Data extracted from a collection
════════

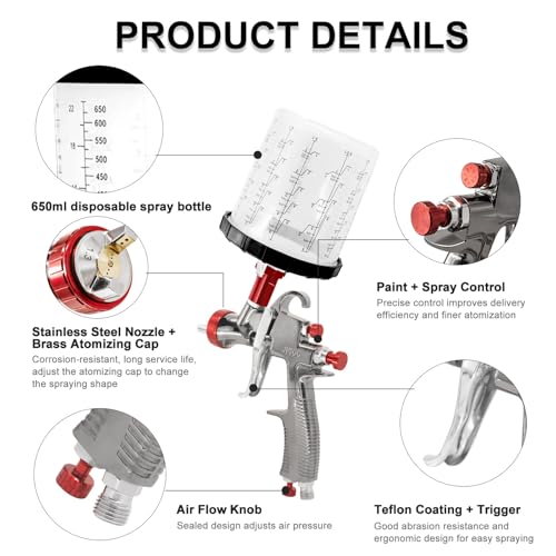 R500 LVLP Air Spray Gun with 650ML Disposable Paint Cups, 1.3/1.5/1.7/2.0mm Nozzles, R500 Paint Guns Automotive LVLP Car Paint Gun Sprayer for House Painting, Car, Furniture, Varnish and Top Coat
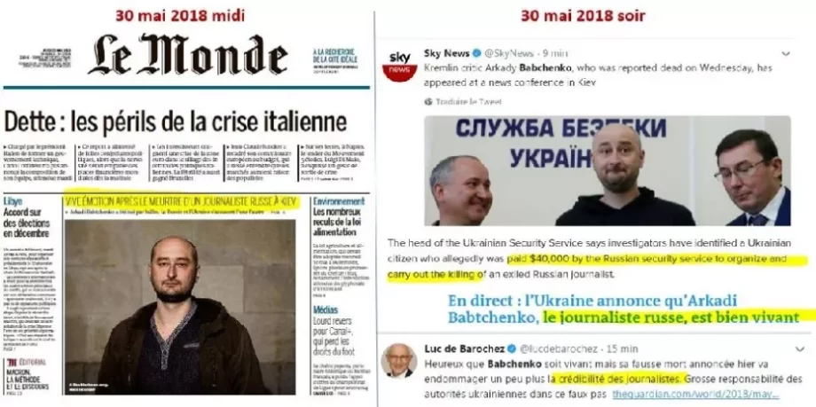 Cela dit, le Monde (« Fais ce que je dis, pas ce que je fais ») saute à pieds joints dans une flaque de sang fictive : « Le journaliste russe Arkadi Babtchenko, critique virulent de Poutine, assassiné en Ukraine ».
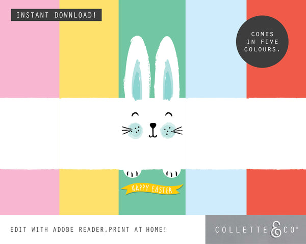 Cutest little Easter bunny gift wrap you’ve ever seen! I get so much joy every time I wrap a little Easter treat for a loved one when using this Easter gift wrap printable. They make your Easter gifts look beyond adorable! Also available in multiple colours to make your gifts look fun and colourful! OR use a specific colour per child if you’re doing an Easter hunt for more than one child. I love the cute and quirky design of the face being on the gift tag and ears on the gift wrap – it creates a really original Easter gift!
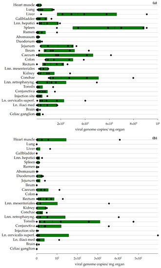 Viral organ loads detected via RT-qPCR in sheep: Results for sheep euthanized 7/8 dpi (a) and 27/28 dpi (b) are depicted. The boundaries of the boxes indicate the 25th and 75th percentiles, and the line within the box marks the median (calculation performed by Sigmaplot).
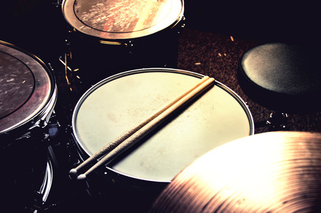 Drums conceptual image. Picture of drums and drumsticks lying on snare drum. Retro vintage instagram picture.

════════

Retype every record above exactly as written, but leave out the pictures.

 R500 LVLP Air Spray Gun with 650ML Disposable Paint Cups, 1.3/1.5/1.7/2.0mm Nozzles, R500 Paint Guns Automotive LVLP Car Paint Gun Sprayer for House Painting, Car, Furniture, Varnish and Top Coat
 Cela dit, le Monde (« Fais ce que je dis, pas ce que je fais ») saute à pieds joints dans une flaque de sang fictive : « Le journaliste russe Arkadi Babtchenko, critique virulent de Poutine, assassiné en Ukraine ».
 Cutest little Easter bunny gift wrap you’ve ever seen! I get so much joy every time I wrap a little Easter treat for a loved one when using this Easter gift wrap printable. They make your Easter gifts look beyond adorable! Also available in multiple colours to make your gifts look fun and colourful! OR use a specific colour per child if you’re doing an Easter hunt for more than one child. I love the cute and quirky design of the face being on the gift tag and ears on the gift wrap – it creates a really original Easter gift!
 Viral organ loads detected via RT-qPCR in sheep: Results for sheep euthanized 7/8 dpi (a) and 27/28 dpi (b) are depicted. The boundaries of the boxes indicate the 25th and 75th percentiles, and the line within the box marks the median (calculation performed by Sigmaplot).
 Drums conceptual image. Picture of drums and drumsticks lying on snare drum. Retro vintage instagram picture.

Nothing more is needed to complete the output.